= Degei =

Fijian god

In Fijian mythology, Degei (pronounced Ndengei), enshrined as a serpent, is the supreme god of Fiji. He is the creator of the (Fijian) world, fruits, and of men and is specially connected to Rakiraki District, Fiji. He judges newly dead souls after they pass through one of two caves: Cibaciba or Drakulu. A few he sends to paradise Burotu. Most others are thrown into a lake, where they will eventually sink to the bottom (Murimuria) to be appropriately rewarded or punished.

He is said to have at first moved about freely, but then in the form of a snake to have grown into the earth with his ringed tail. Since then he has become the god of earthquakes, storms and seasons. Whenever Degei shakes himself fertilising rain will fall, delicious fruits hang on the trees, and the yam fields yield an excellent crop.

Degei is also a god of wrath who declares himself in terrible fashion. He punishes and chastens his people by destroying the crops or by floods; he could indeed easily wipe out mankind from the earth, for since he has lived in the bowels of the earth he has been tormented with so insatiable hunger that he would like to take in and swallow the whole world.

Rokola is a name of the son of Degei.

== First human couple ==
Degei hatched an egg from which the first humans came to Earth.

== In popular culture ==
Friedrich Ratzel in The History of Mankind reported in 1896 a religious practice enjoined by Degei that involved tattooing women on the lower part of the body and the thigh, the corner of the mouth, and the finger.

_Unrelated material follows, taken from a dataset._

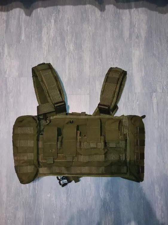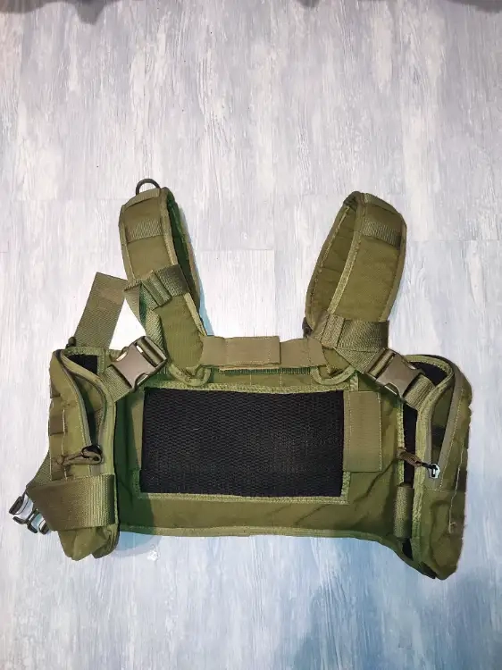 Je mets en vente ce chest rig de chez TT, modèle MK2 olive. Excellent état général, à l'exception d'un morceau de passant sur l'épaule droite que l'ancien utilisateur a découpé pour une raison qui m'échappe ??

R.A. Derrick (1957:11) says:

"In these traditions Degei figures not only as the origin of the people, but also as a huge snake, living in a cave near the summit of the mountain Uluda – the northernmost peak of the Nakauvandra Range. Earth tremors and thunder were ascribed as his uneasy turnings within the cave. He took no interest in his people’s affairs; his existence was no more than a round of eating and sleeping. By association with him, snakes were honoured as ‘the Offspring of the origin’. The snake cult was generally throughout the group."